Work instructions →
Find the line containing "문재인 대통령과 김정은" in the listing below; reproduce it and every line after, exactly. Skip pictures.

Exercise materials →
● ● ● ●
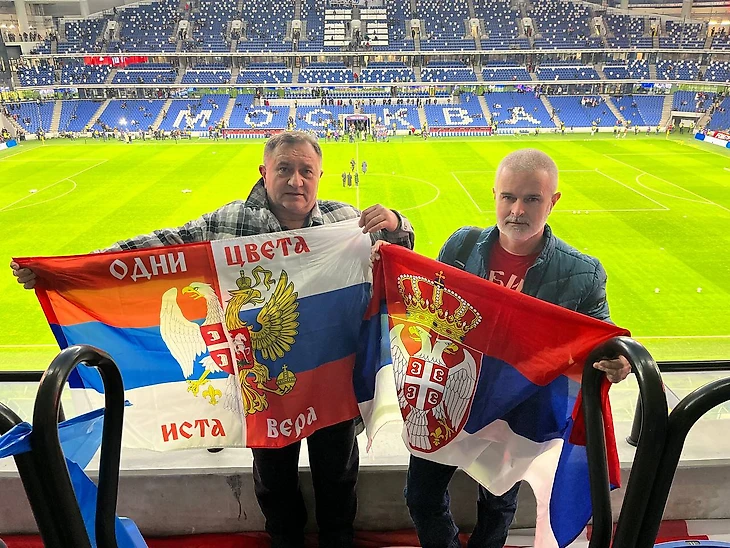 На одну из трибун зашли зрители в военной форме с флагами с буквой Z, возле другой ходил мужчина с георгиевским флагом и надписью «За Родину, за суверенитет, за Путина», за воротами сербов сразу повесили баннер дивизии Espanola и кричали про братство России и Сербии и «Косово – Сербия». Перед матчем еще и Григорий Лепс запел:
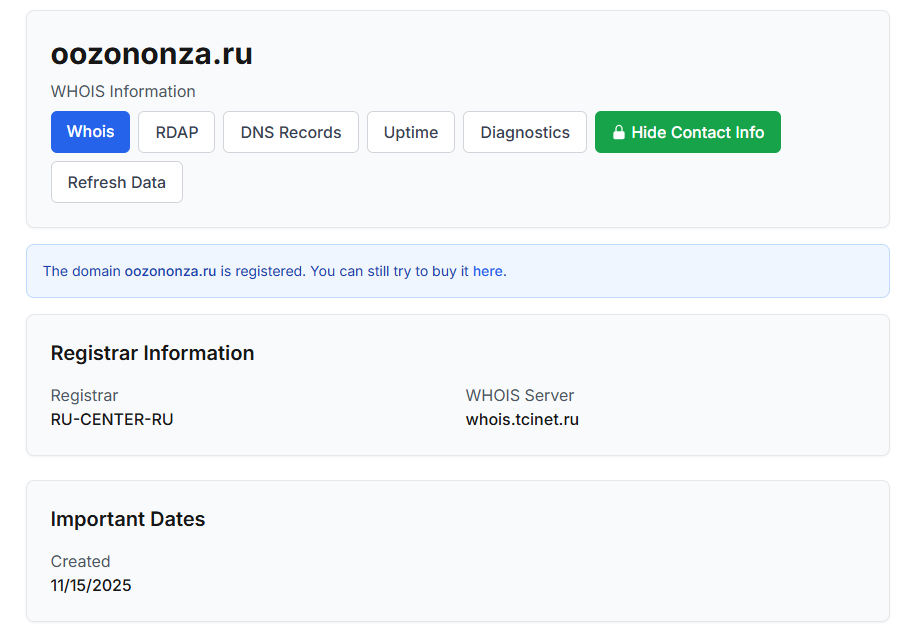 По данным Whois, домен проекта был зарегистрирован в ноябре 2025 года через регистратор Ru-Center-Ru. Сервис привлекает вклады клиентов и самостоятельно распределяет их по выгодным направлениям. На официальном сайте «Оозононза» есть лишь расплывчатое упоминание о лицензии, сканов документов нет, владельцы и команда остаются анонимными, а связь предлагается только через телеграмм-канал.
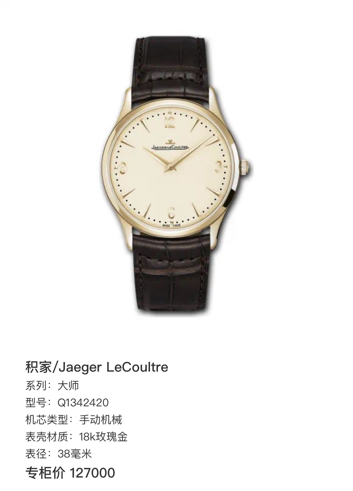 新到!积家/Jaeger LeCoultre 大师 Q1342420 手动机械 18k玫瑰金 38毫米 专柜价 127000,单表,折叠扣,现货好价~
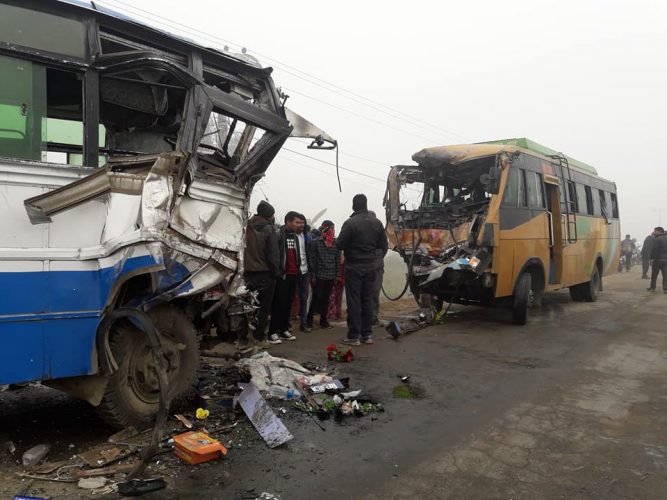 कैलालीमा एक–आपसमा बस ठोक्किँदा १९ जना घाइते
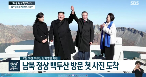 문재인 대통령과 김정은 북한 국무위원장 내외는 20일 백두산 천지에 도착했다. 현장에 찍힌 네 사람은 손을 맞잡은 채 하늘로 높이 뻗어 화해 국면에 접어든 남북 분위기를 표현했다.
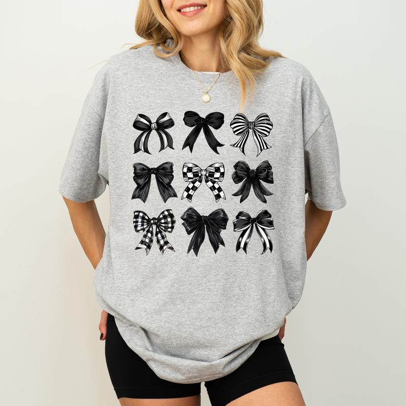 Coquette Black Checkered Bow Shirt, Dark Coquette Graphic Printed Tee, Gothic Bows Shirt Unisex Graphic
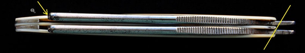 Re: Аукционы: плагиат, развод и "великолепные" описанияПосмотри на торцы плашек возле осевого пина. Средняя имеет такой же скос, как боковые, что намекает, что когда-то она тоже была боковой (т.е. к целой верхней бритве приделали нижнюю). В гипотезу "что было под рукой на фабрике, из того и собрали" верю с трудом, потому как если это все-таки слоновая кость, то это вещь дорогая и отношение к производству тоже было бы другим.
● ● ● ●
Task answer →
 문재인 대통령과 김정은 북한 국무위원장 내외는 20일 백두산 천지에 도착했다. 현장에 찍힌 네 사람은 손을 맞잡은 채 하늘로 높이 뻗어 화해 국면에 접어든 남북 분위기를 표현했다.
 Coquette Black Checkered Bow Shirt, Dark Coquette Graphic Printed Tee, Gothic Bows Shirt Unisex Graphic
 Re: Аукционы: плагиат, развод и "великолепные" описанияПосмотри на торцы плашек возле осевого пина. Средняя имеет такой же скос, как боковые, что намекает, что когда-то она тоже была боковой (т.е. к целой верхней бритве приделали нижнюю). В гипотезу "что было под рукой на фабрике, из того и собрали" верю с трудом, потому как если это все-таки слоновая кость, то это вещь дорогая и отношение к производству тоже было бы другим.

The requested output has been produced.